- **TASK DIRECTIONS**:
Once the pictures are set aside, repeat all of the data below exactly.

- **DATA EXTRACT**:
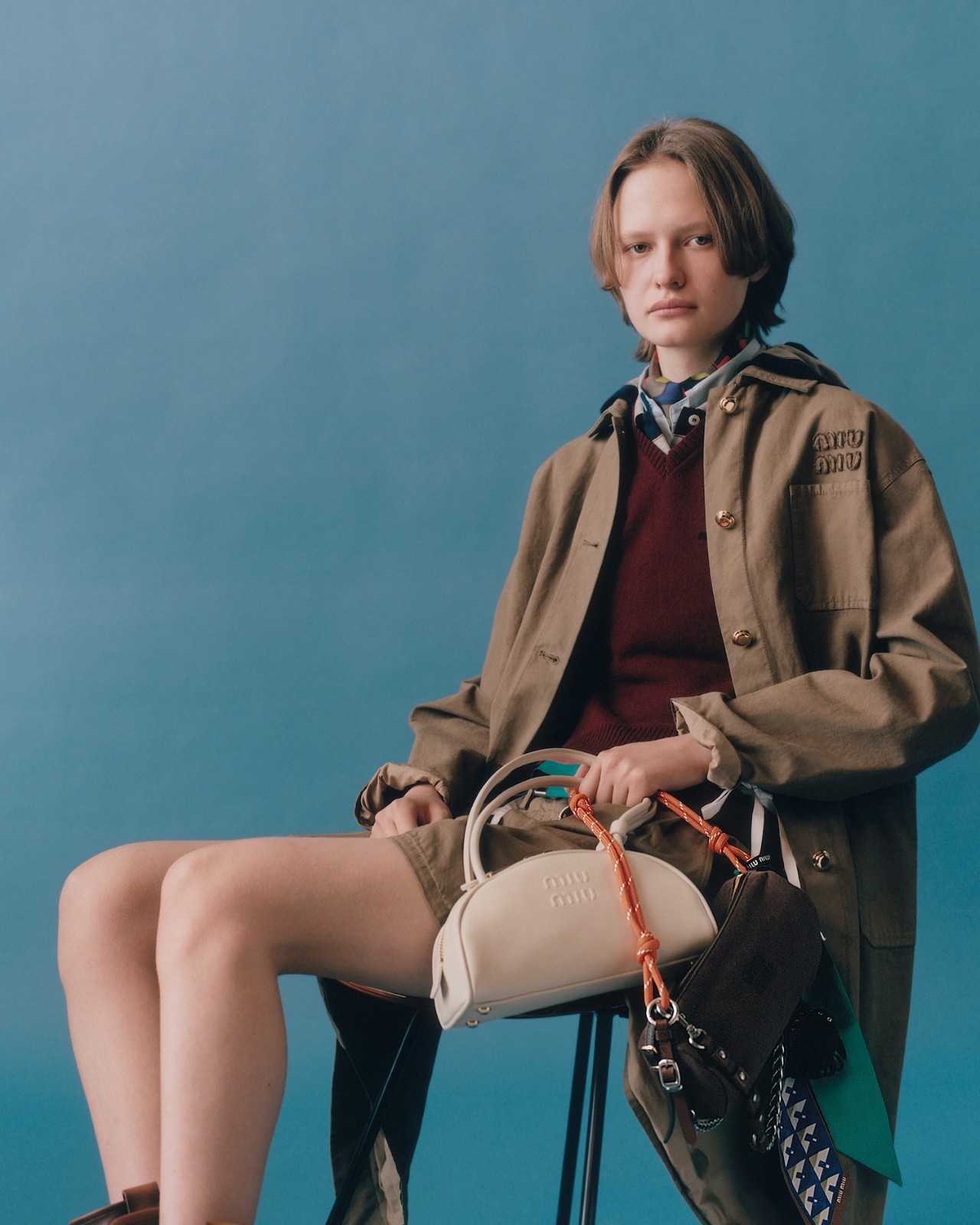 成衣系列以全新视角重释Miu Miu经典单品,开启崭新篇章。缀饰徽标的棉质帆布拉链夹克、短裤、长裤与蓬蓬迷你半身裙低垂于腰际,呈现卡其与胭脂红色调;淡彩围裙式连衣裙外搭于条纹橄榄球衫与Polo衫,或内衬于深军绿色涂蜡质感夹克。制服色系及红色短裁针织衫与棉质府绸衬衫藉由精妙比例演绎温暖质感。
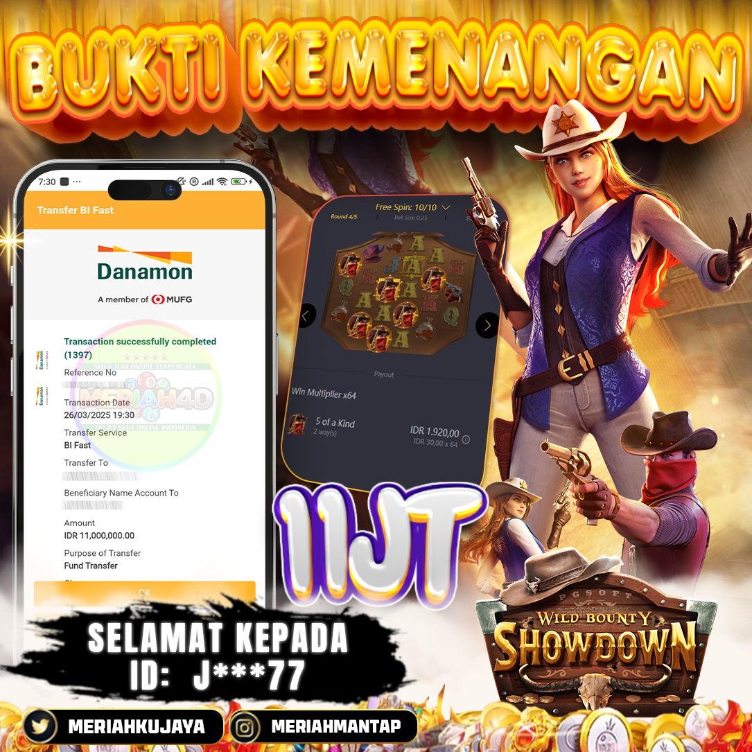 Selamat Kepada ID : J******77 Atas Withdraw Rp. 11,000,000 Juta Hari ini. Ditunggu Withdraw Selanjutnya dan ajak juga teman temannya bergabung di Meriah4d
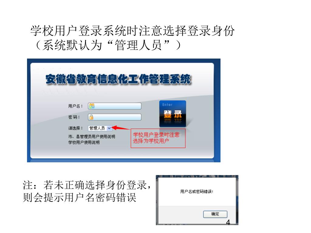 安徽教育信息化工作管理系统. 2014 年 10 月 合肥. 1. 一、系统简介及环境要求 系统地址: http://jyxxhgl.ahedu.gov.cn 建议在火狐浏览器或最新版 360 浏览器环境下使用。. 2. 二、系统使用说明 系统设有学校用户和管理员用户 2.1 学校用户 2.1.1 学校用户登录 打开浏览器在地址栏中输入系统地址 http://jyxxhgl.ahedu.gov.cn. 3. 学校用户登录系统时注意选择登录身份 (系统默认为“管理人员”). 注:若未正确选择身份登录, 则会提示用户名密码错误. 4.
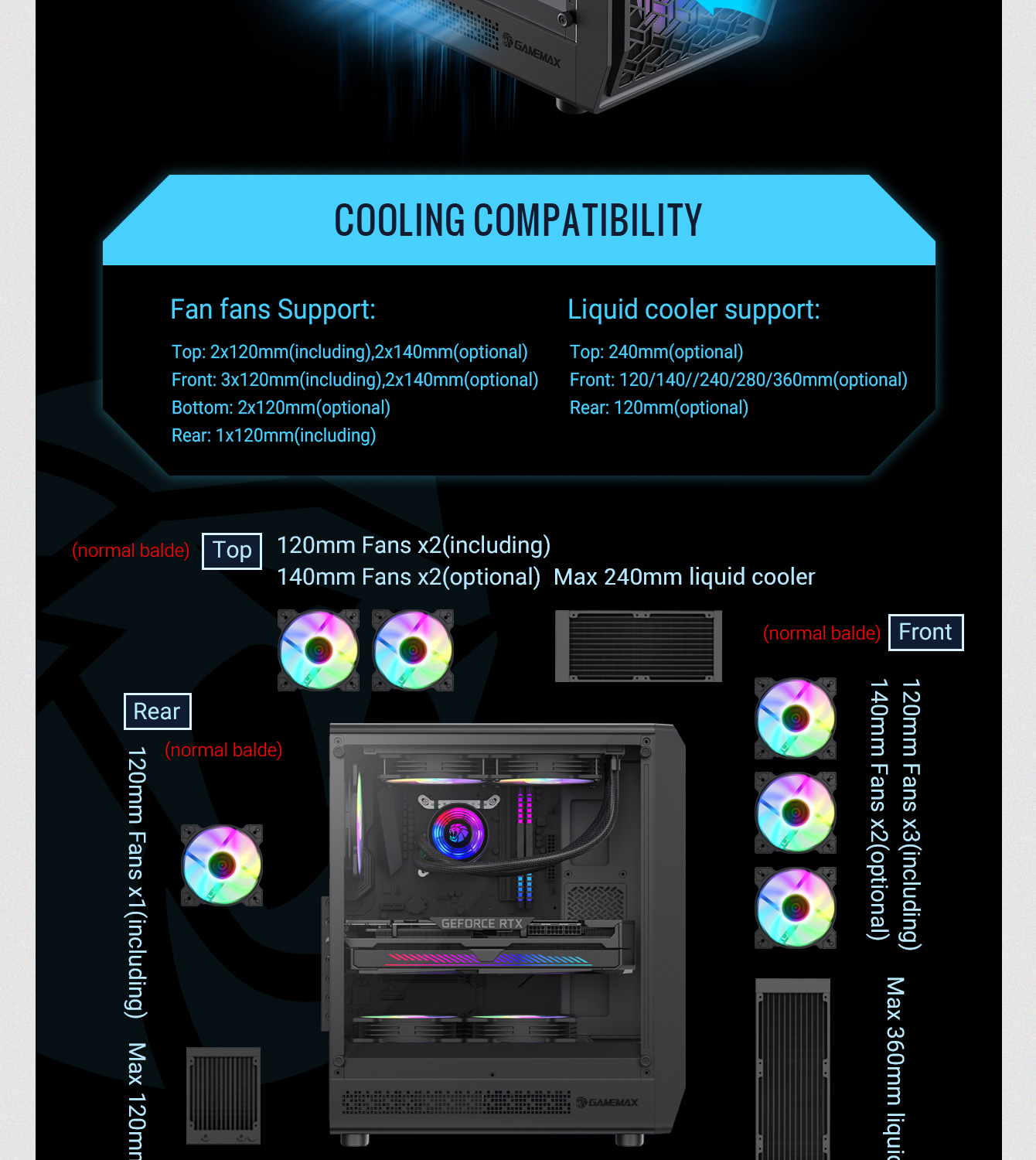 | Cooling Fan Support | Front | 3x120mm(included) |

- **SOLUTION TO THE PROBLEM**:
 成衣系列以全新视角重释Miu Miu经典单品,开启崭新篇章。缀饰徽标的棉质帆布拉链夹克、短裤、长裤与蓬蓬迷你半身裙低垂于腰际,呈现卡其与胭脂红色调;淡彩围裙式连衣裙外搭于条纹橄榄球衫与Polo衫,或内衬于深军绿色涂蜡质感夹克。制服色系及红色短裁针织衫与棉质府绸衬衫藉由精妙比例演绎温暖质感。
 Selamat Kepada ID : J******77 Atas Withdraw Rp. 11,000,000 Juta Hari ini. Ditunggu Withdraw Selanjutnya dan ajak juga teman temannya bergabung di Meriah4d
 安徽教育信息化工作管理系统. 2014 年 10 月 合肥. 1. 一、系统简介及环境要求 系统地址: http://jyxxhgl.ahedu.gov.cn 建议在火狐浏览器或最新版 360 浏览器环境下使用。. 2. 二、系统使用说明 系统设有学校用户和管理员用户 2.1 学校用户 2.1.1 学校用户登录 打开浏览器在地址栏中输入系统地址 http://jyxxhgl.ahedu.gov.cn. 3. 学校用户登录系统时注意选择登录身份 (系统默认为“管理人员”). 注:若未正确选择身份登录, 则会提示用户名密码错误. 4.
 | Cooling Fan Support | Front | 3x120mm(included) |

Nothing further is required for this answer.